1. Divide the signal intensity from the mix of biotinylated DNA probe by the signal intensity from the mix of non-biotinylated DNA probe. This signal can be used as “Relative signal intensity” for plotting a graph.

   Note: The signal intensity from negative controls (without target protein) usually shows very low signal.

2. Data from 3 technical replicates are combined for the statistical analysis, and the same experiment using different batches of proteins is repeated at least 3 times with similar results.

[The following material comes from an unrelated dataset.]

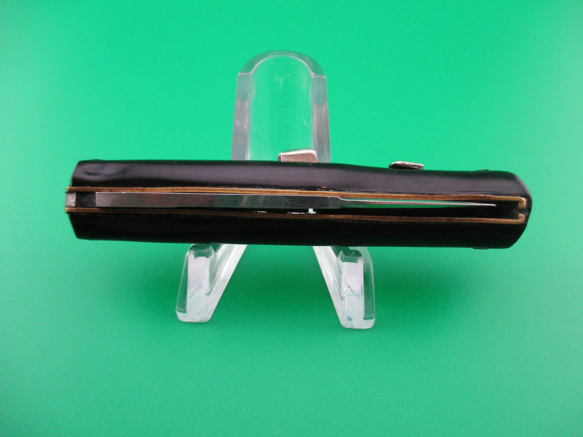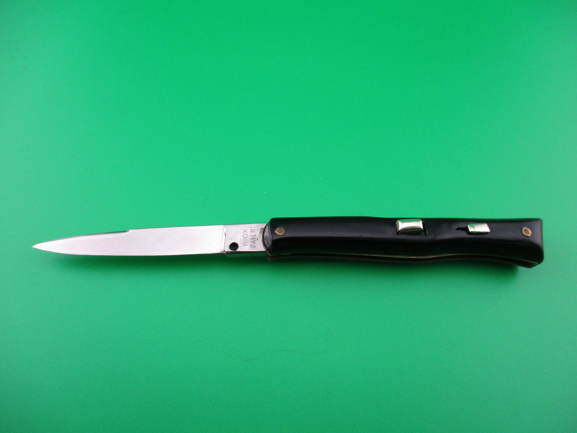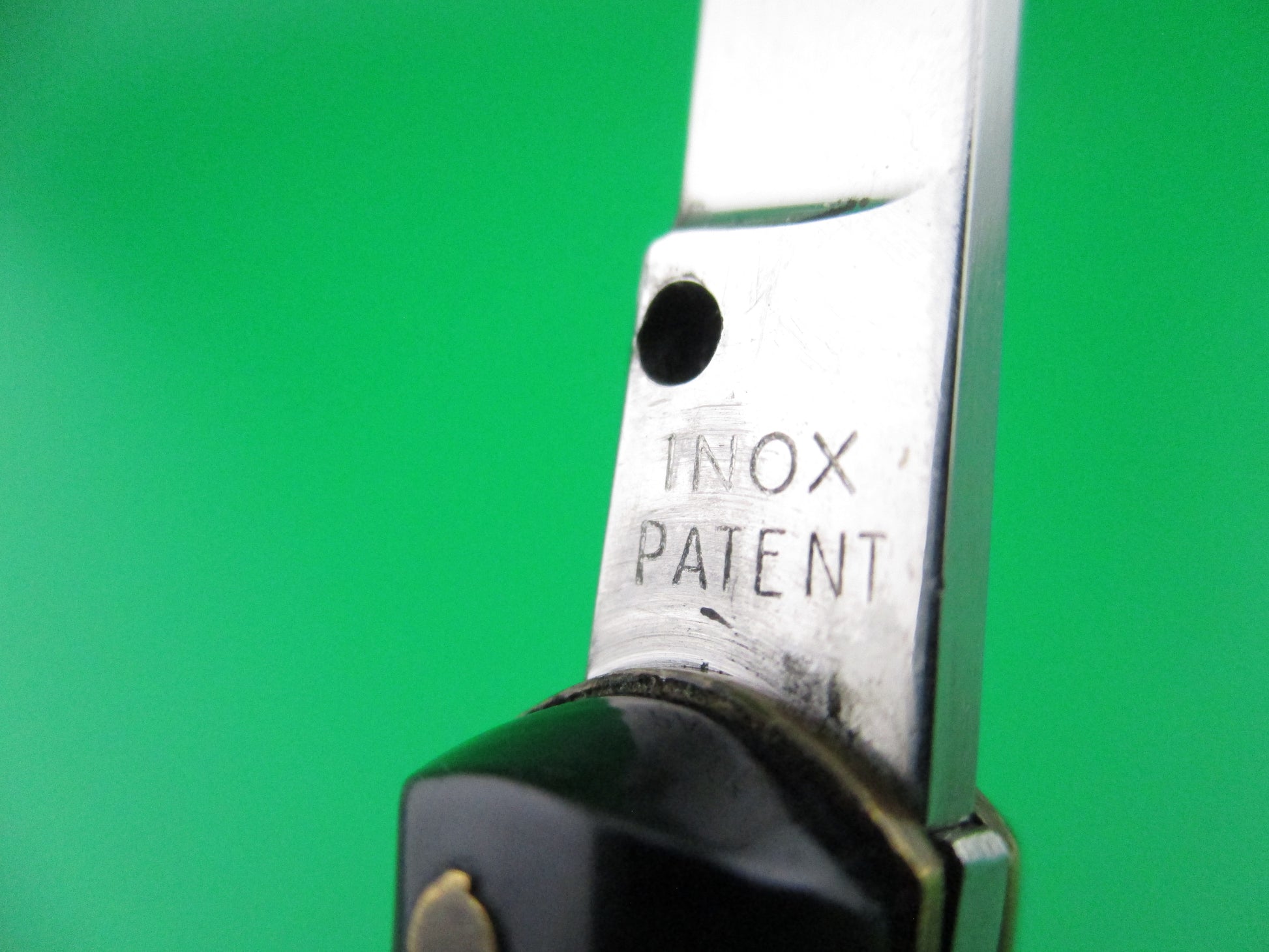 This is a really nice vintage Italian automatic knife stamped INOX PATENT on the ricasso (tang). This style is often stamped Ackermannchen and I don't know of any other name for it, so I'm going with that. As far as I can see the markings are the only difference. The knife measures just 14.5cm (5.75 inches) open with brass liners and nickel silver plated button and safety cap. The flat grind swedge blade appears to be full with much of the original factory finish and some light scratches. The black synthetic scales are in very nice condition with no cracks and slight shrinkage with some light scratches. The knife works great with the blade tip sitting deep in the well closed, good snap and good lockup open. This is a backspring release knife so you press on a grooved tab on the exposed backspring in the wrap around handles. Safety works. Beautiful old Italian INOX PATENT automatic knife.

   Note: One example of AlphaScreen ^® result can be found in Figures 4B and 4C in Mabuchi et al., 2018. As an alternative way of representing data, you may also be able to show all the signals, including one from negative controls.

Notes

1. In this protocol, we used protein that is synthesized by our in vitro transcription/translation system. However, one may use protein that is synthesized by other lab protocols (e.g., using bacteria, yeast, and any other systems).

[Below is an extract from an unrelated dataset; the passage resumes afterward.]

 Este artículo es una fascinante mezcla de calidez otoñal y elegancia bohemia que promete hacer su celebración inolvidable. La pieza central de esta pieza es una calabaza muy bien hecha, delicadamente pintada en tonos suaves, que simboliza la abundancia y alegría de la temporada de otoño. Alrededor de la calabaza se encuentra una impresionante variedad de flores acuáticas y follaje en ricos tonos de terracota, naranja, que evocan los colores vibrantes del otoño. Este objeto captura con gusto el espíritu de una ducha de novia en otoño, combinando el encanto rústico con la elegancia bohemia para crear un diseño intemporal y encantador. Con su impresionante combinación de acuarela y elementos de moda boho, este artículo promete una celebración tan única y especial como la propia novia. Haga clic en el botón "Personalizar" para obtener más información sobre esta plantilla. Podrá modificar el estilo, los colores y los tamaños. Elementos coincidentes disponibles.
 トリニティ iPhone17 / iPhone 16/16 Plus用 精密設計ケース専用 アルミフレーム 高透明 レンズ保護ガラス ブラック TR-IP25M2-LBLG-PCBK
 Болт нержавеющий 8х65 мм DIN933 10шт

2. In this protocol, we use FLAG^®-tagged protein. However, one may use other protein tags, (e.g., GST, 6-Histidine, c-myc, and HA) as long as detection kits for “AlphaScreen^® Fusion Tag” are available from PerkinElmer (see also web site: www.perkinelmer.com/alphascreen).

Recipes

1. 100x TAE buffer

   400 mM Tris-HCl

   400 mM glacial acetic aid

   10 mM EDTA, pH 8.0

2. 10x loading dye

   50% (w/v) glycerol

   0.9% (w/v) SDS

   10 mM EDTA, pH 8.0

   0.05% (w/v) bromophenol blue

   0.05% (w/v) xylene cyanol

3. 4x SDS sample buffer

   200 mM Tris-HCl, pH 6.8

   40% (w/v) glycerol

   8% (w/v) SDS

   0.08% (w/v) bromophenol blue

4. 10x running buffer

   250 mM Tris

   1.92 M glycine

   1% (w/v) SDS

5. Transfer buffer

   192 mM glycine

   20% (w/v) methanol

   25 mM Tris

6. 10x PBS

   1.37 M NaCl

   81 mM Na₂HPO₄

   26.8 mM KCl

   14.7 mM KH₂PO₄

7. Blocking buffer

   1x PBS

   1% (w/v) non-fat skimmed milk

   0.1% (w/v) Tween^® 20

Competing interests

The authors declare no conflicts of interest or competing interests.